Elsewhere, Matt Chapman has been every bit as lively as one would have expected and he has veered from fun and effervescent into the cringe zone far less frequently than feared. The best of Chapman is a major contributory factor to a successful transmission and ITV chiefs and Matt himself have done well to ensure that’s almost entirely what we have received.

It has been great to have Alice Plunkett on board during the jumps season, Oli Bell offers freshness and charm, and Richard Hoiles has been superb, not just in the commentary box but also at regular intervals throughout the shows.

One of the real bonuses has been how the ex-jockeys have raised their game with an ITV microphone in their hand. Sir Anthony McCoy is the best example of that and it is a genuine joy when he is part of a day’s output.
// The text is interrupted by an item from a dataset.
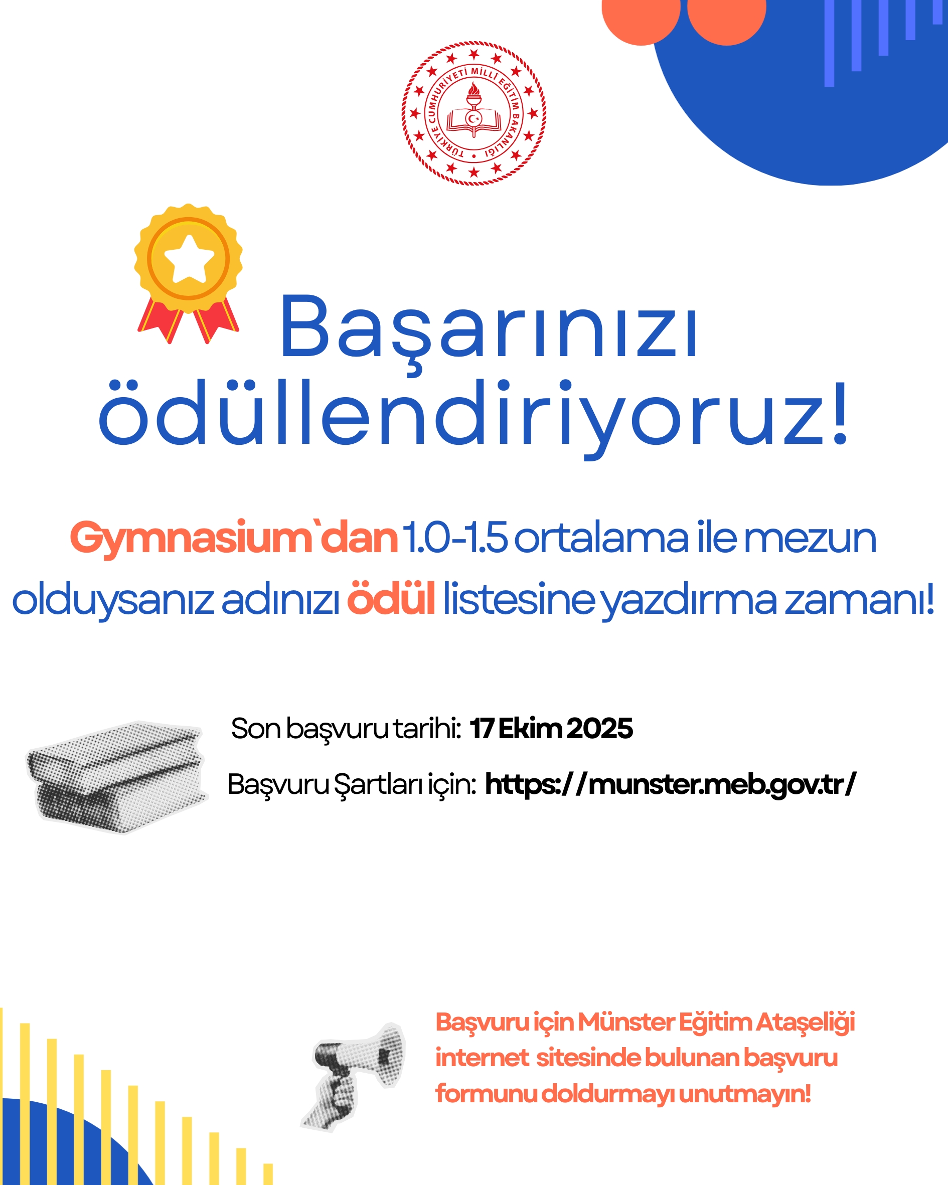 Bu kapsamda, 2024/2025 öğrenim yılında Başkonsolosluğumuz görev bölgesinde yer alan Gymnasium okullarından en yüksek not ortalaması ile mezun olan (1.0-1.5) Türk vatandaşı veya Türk kökenli öğrencilerimiz, başarılarının bir nişanesi olarak Başkonsolosluğumuz adına çeşitli ödüllerle onurlandırılacaktır.

But Jason Weaver, Luke Harvey, Mick Fitzgerald and Hayley Turner have also found some gears and that has added to the general feeling of warmth that is present throughout most broadcasts.
Ad hoc appearances from other former pilots such as Johnny Murtagh have also boosted the appeal of the programmes.
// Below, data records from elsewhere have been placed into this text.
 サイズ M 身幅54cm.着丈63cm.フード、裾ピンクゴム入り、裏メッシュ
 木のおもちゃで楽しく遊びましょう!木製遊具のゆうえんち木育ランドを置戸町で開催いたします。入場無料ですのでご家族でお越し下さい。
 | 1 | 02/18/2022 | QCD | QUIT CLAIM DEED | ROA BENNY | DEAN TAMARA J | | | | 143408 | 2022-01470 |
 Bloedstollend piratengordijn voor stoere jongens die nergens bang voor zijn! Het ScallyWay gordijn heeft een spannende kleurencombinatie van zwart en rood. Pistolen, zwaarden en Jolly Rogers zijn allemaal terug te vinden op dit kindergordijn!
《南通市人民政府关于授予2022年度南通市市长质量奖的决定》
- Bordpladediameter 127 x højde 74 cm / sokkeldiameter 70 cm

The only negative of any significance has been the Opening Show, which was handicapped by an unhelpful combination of a variable start time and a variable channel, and has also gone out too late for a lot of people.

Bell hosts the show perfectly amiably and it is hard to see what more he could do to remedy disappointing viewing figures short of he and everyone else at ITV with any influence agreeing that the less time spent in the mobile studio the better.
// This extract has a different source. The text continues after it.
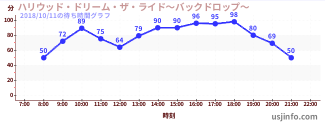 • ハリウッド・ドリーム・ザ・ライド〜バックドロップ〜$B$N(B2018年10月11日の待ち時間
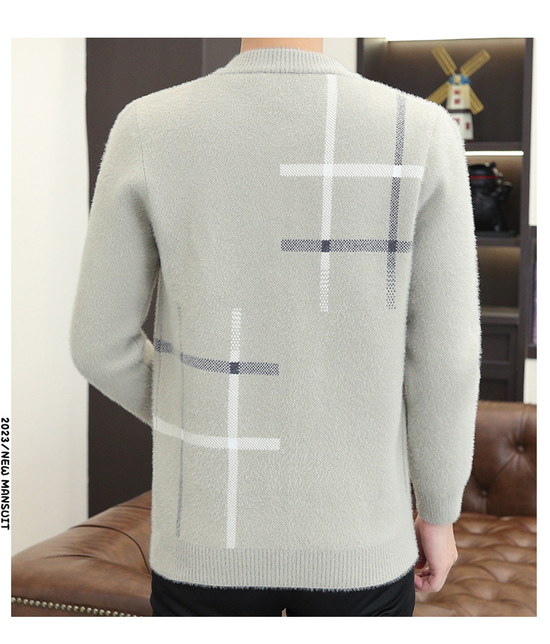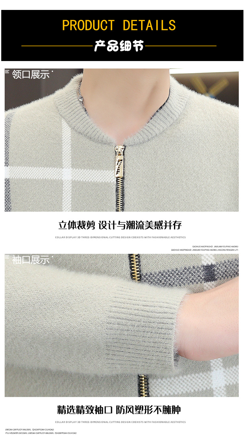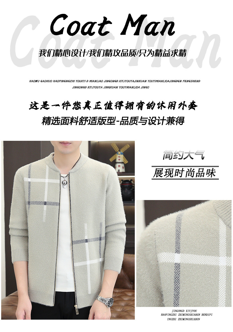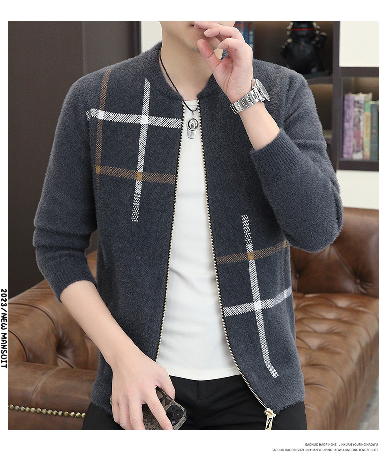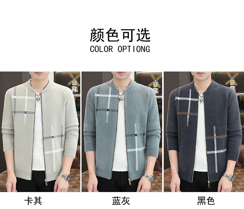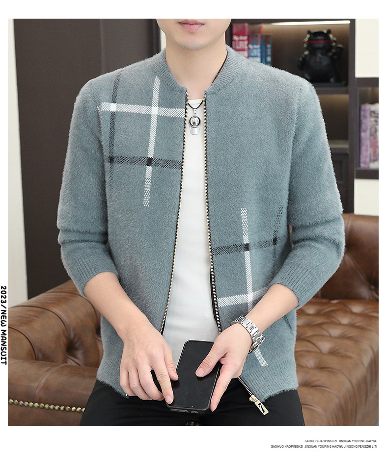 2023 새로운 니트 카디건 남성용 스웨터 모조 밍크 벨벳 캐주얼 야구 칼라 남성용 지퍼 재킷스토어 가기

It was revealed a month ago that ITV’s afternoon shows have attracted around six per cent more viewers than Channel 4, with a significant increase when racing is shown on the main channel more than offsetting a comparative slump when the transmissions are screened on ITV4.

To quote my poll, that’s not bad at all. Next year ITV Racing faces competition from its own, and the BBC’s, coverage of the World Cup, but they have made a decent start and it is hoped for racing’s general health and wealth that it continues to make progress in building an audience in 2018 and beyond.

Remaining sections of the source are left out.